If I had known I would have explained the use of the bit guards and seen if that would be allowed but I wasn't given the choice for that either. My rider wasn't even allowed to get a hold of me because outside help is not allowed. That frustrated her. 
On the rudeness note, yes unacceptable and I yanked my phone out and emailed the region lady while still at the show. 
My poor pony has a sore mouth now because someone just didn't feel like following rules and my friend feels terrible even though I've stressed she did nothing wrong. Her softer bit she's used to will be fine with her but she was so fresh with the other today. I just wanted to get on and test out a new pad I might borrows for a show so I didn't bother to switch the bit until after she showed discomfort and by that time I had already decided I didn't like the pad. 
I'll be able to ride her in something she's used to tomorrow back into her old bit.


----------



## thesilverspear (Aug 20, 2009)

Your poor pony. :-( Hopefully her mouth will feel better soon.

Pony club culture seems bizarre. When I was showing dressage in normal rated shows, even big, USDF and AHSA recognised ones, I could talk to whoever I wanted. 
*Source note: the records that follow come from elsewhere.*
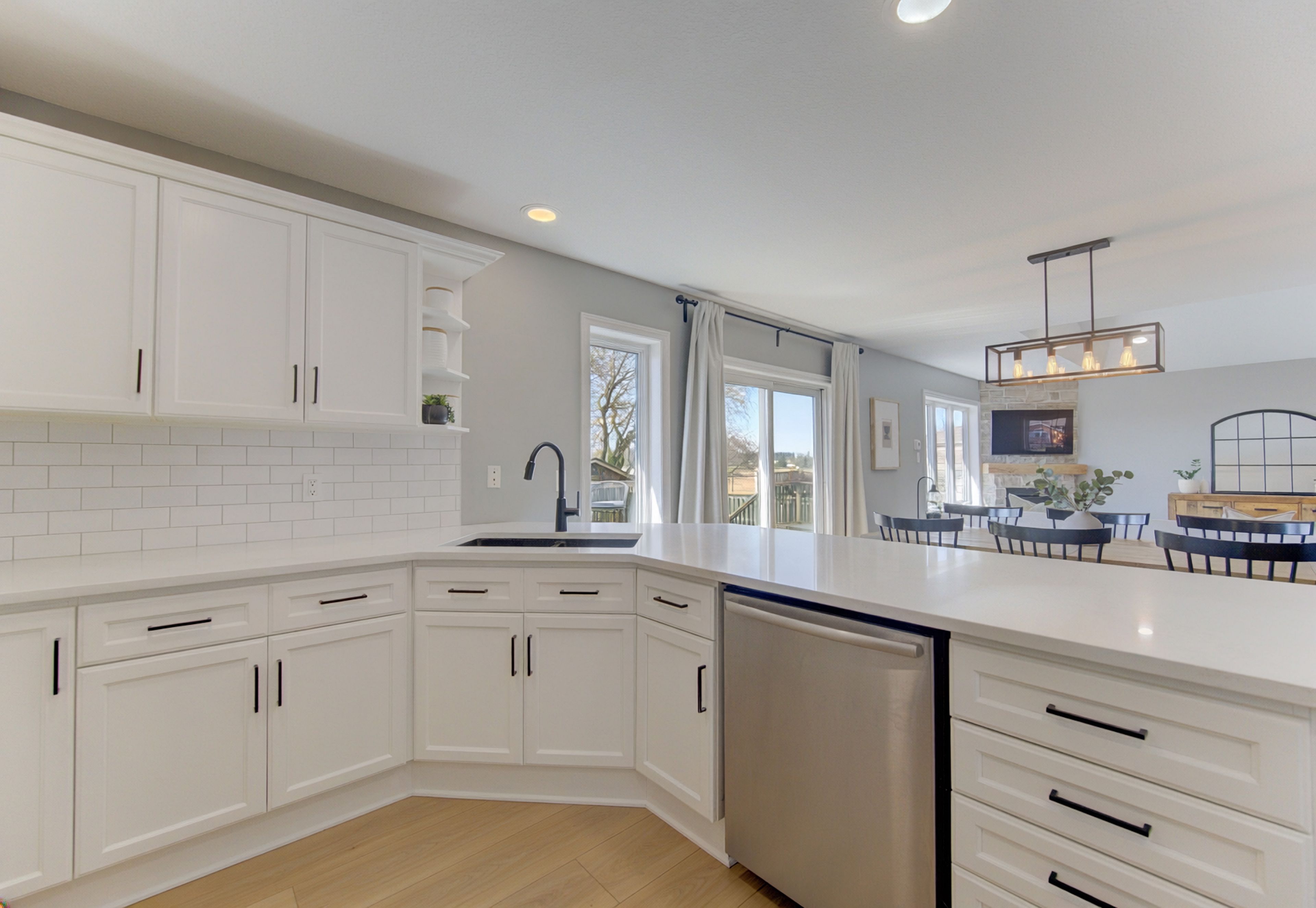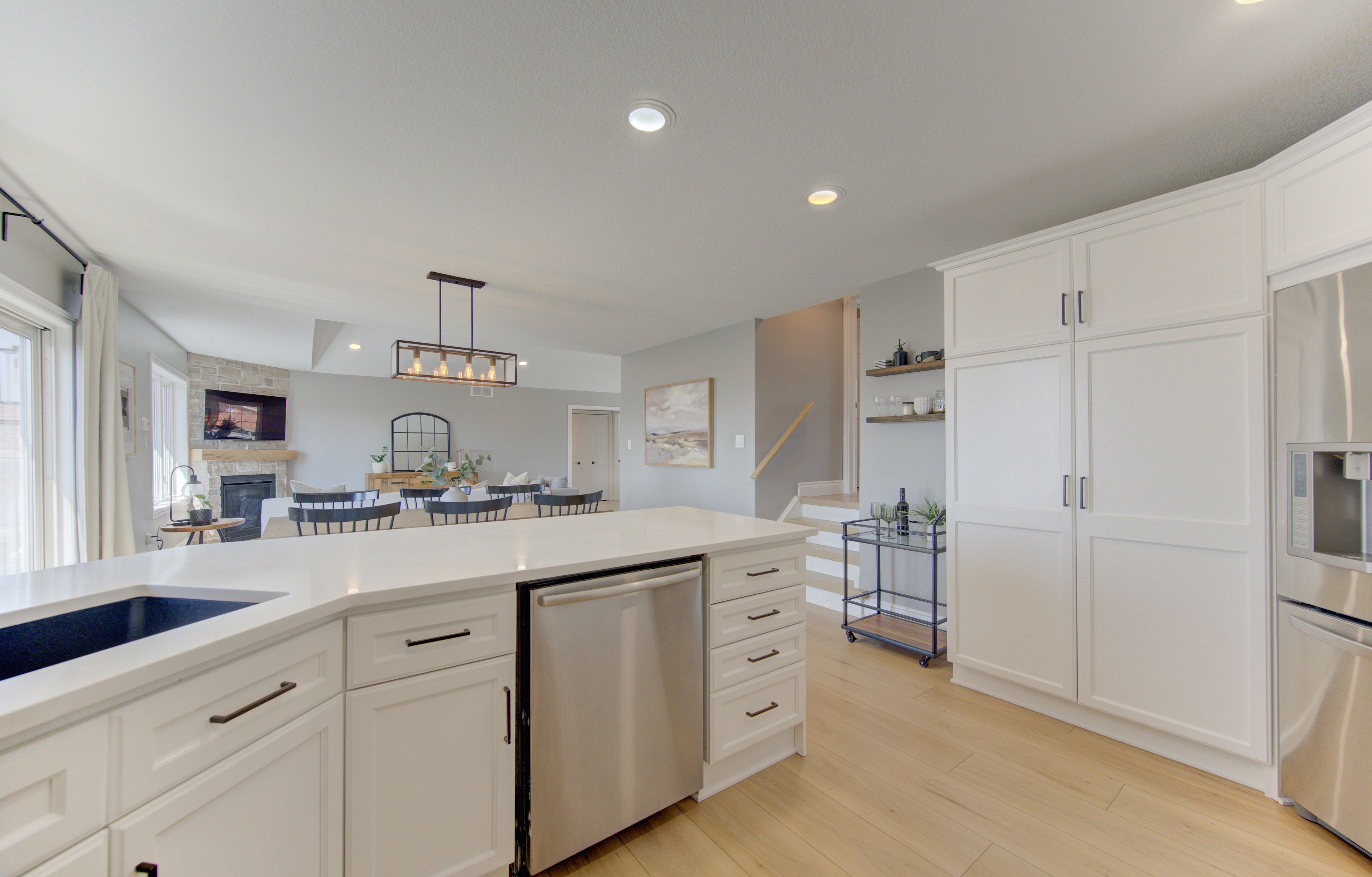 Welcome to this stunning 4-bedroom, 2-bathroom raised bungalow offering modern updates, functional living space, and exceptional comfort throughout. Step inside through the impressive double front doors into a bright and welcoming formal foyer, complete with convenient access to the double attached garage. Upstairs, you'll find a beautifully designed open-concept layout connecting the living room, dining area, and kitchen-perfect for both everyday living and entertaining. The living room is filled with natural light and features a cozy gas fireplace. The adjoining dining area offers sliding doors that lead directly to your private back deck, creating a seamless indoor-outdoor flow. The kitchen is both stylish and functional, showcasing quartz countertops, a trendy backsplash, stainless steel appliances, and a spacious eat-in island with seating for four. The main floor boasts updated luxury vinyl flooring (2024), adding both durability and contemporary appeal. Just a few steps up, retreat to your spacious primary suite, complete with large windows, a walk-in closet with built-in organizers, and a beautifully updated 4-piece ensuite (2023) featuring heated floors for added comfort. Back on the main level, you'll find two additional bedrooms and a fully remodelled 4-piece bathroom. The lower level offers even more living space with a generous rec room-perfect for family gatherings or a home theatre-as well as a fourth bedroom, ideal for guests or a home office. A 3-piece bathroom rough-in is also in place, offering great potential for future customization. Outside, enjoy a fully fenced, private backyard-perfect for relaxing or entertaining. The property also features ample parking for up to four vehicles plus a double attached garage. This move-in-ready home combines modern finishes, thoughtful updates, and a fantastic layout-all in a desirable wellesley location.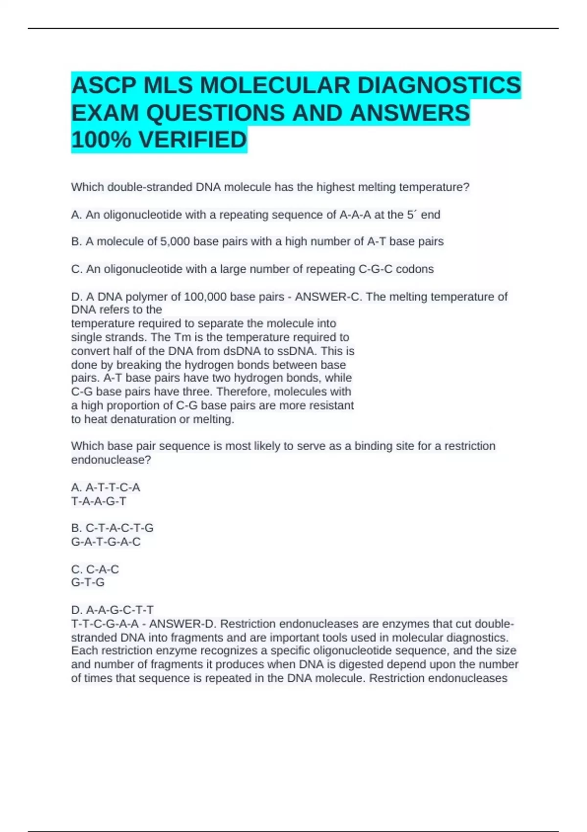 T-T-C-G-A-A - ANSWER-D. Restriction endonucleases are enzymes that cut double-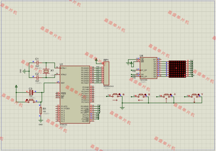 1、采用8*8点阵作为贪吃蛇游戏的显示装置;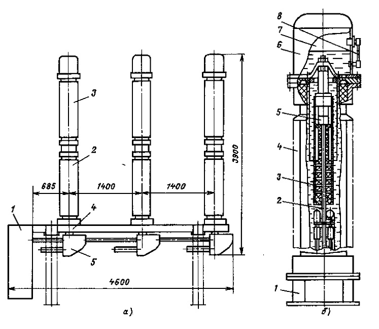 O módulo é mostrado no lado direito da foto, onde: 1 é o coletor, 2 é o contato móvel conectado ao coletor através de coletores. A câmara do interruptor é indicada pelo número 3, o contato fixo é 5. Todos os itens acima são colocados em um isolador oco (4) de porcelana. No interior, há óleo de transformador e, no topo, uma tampa (6).
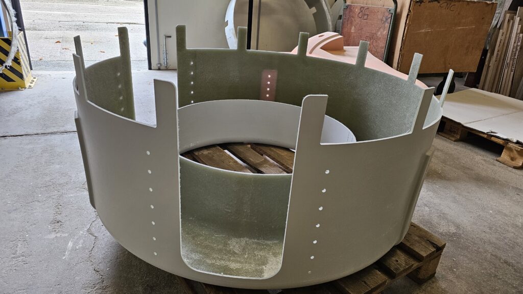 Unsere GFK-Abteilung realisiert Teile diverser Geometrien und Komplexitäten. Klassische Bauteile sind z.B. Luftleitschilde / Airguides. Hierzu haben wir bereits mehrteile, segmentierte Ringe hergestellt und mit hoher Passgenauigkeit zusammengesetzt. Zudem fertigen wir regelmäßig Gehäuse, Verkleidungen und andere Freiformkörper für den Maschinenbau.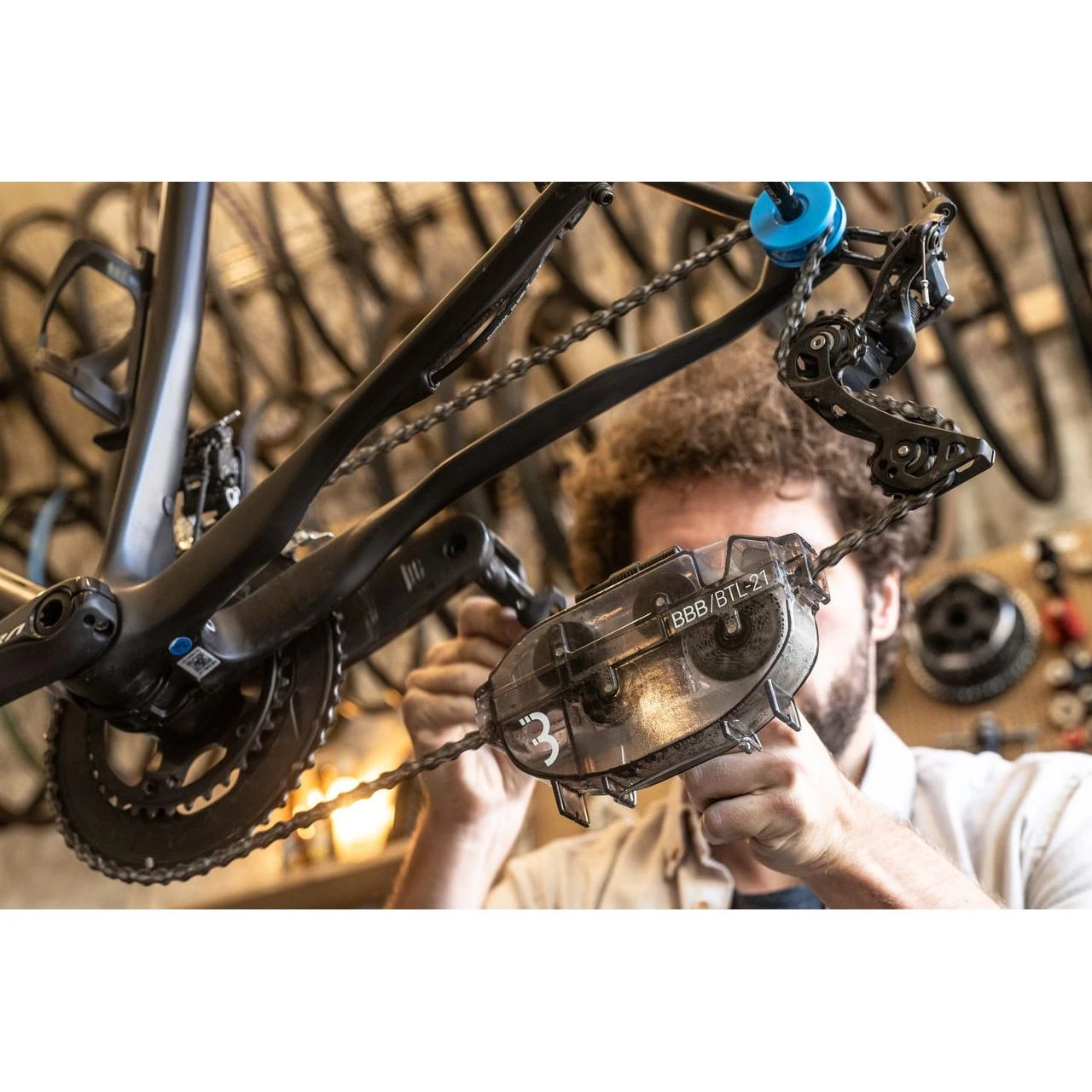 – Modernes Kettenreinigungswerkzeug.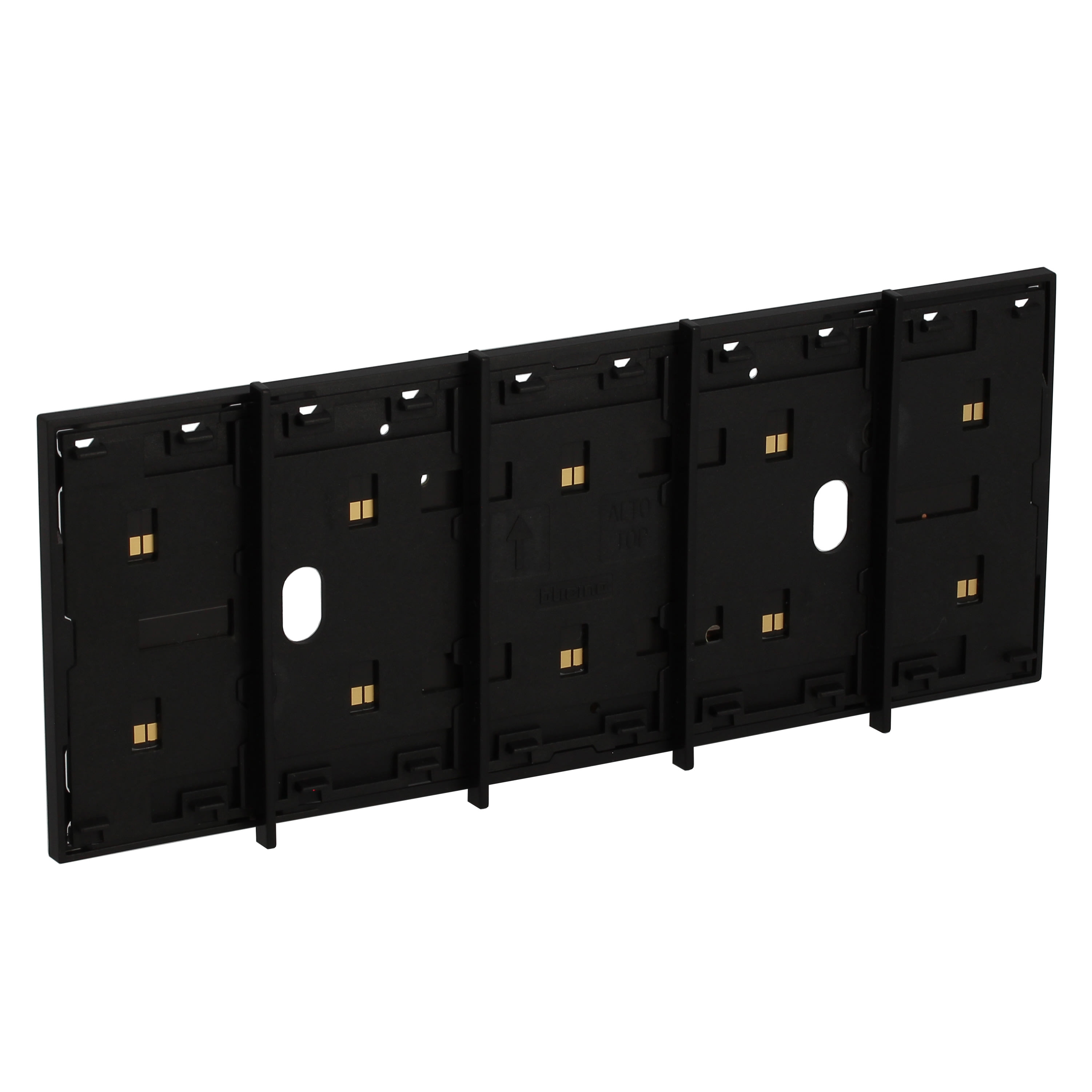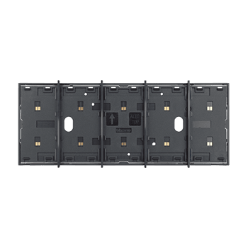 Frame elettrificato con barrette estetiche (rimovibili) di divisione tra i comandi. Per l’installazione di max. 5 comandi digitali o cover art. KW/KG/KM8100. Installazione in scatola da 4 moduli con supporto K4704. Colore nero.
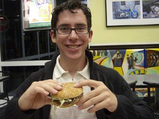 Tobi ist mit einem frischem Burger zurückgekehrt und freut sich, dass er so überzeugend in die Kamera grinsen kann.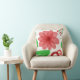 Square Throw Pillow decorative stylish home furnishing decor accessory printed with Whimsical Red Flowers Green Leaves On White Art fun digital graphic Illustration design with soft translucent and solid colors by TheFabricSeal print on demand shop at Zazzle.com #ZazzleMade ©️Original. https://www.zazzle.com/store/thefabricseal

Writing angry emails is the way forward. Perhaps even mention in your angry email that had they discussed this with you and you could not find a happy solution, you would have pulled the horse as it would have been -- and indeed, it was -- detrimental to her welfare to be ridden without the bit guards. So not only were they breaking their rules in not contacting you, this lady's wankery caused your horse needless suffering and also negatively affected the rider and her team, since you implied in your first post that the ride wasn't going that well.


----------



## drafts4ever (Sep 1, 2009)

I've mentioned that. I got a concerned email back asking why this lady was so involved and I said I had no idea but I believe she was involved with the pony club my friend rides with and there is some bad blood in there. She said she will call me later to get things a bit more straight.
_Posted via Mobile Device_


----------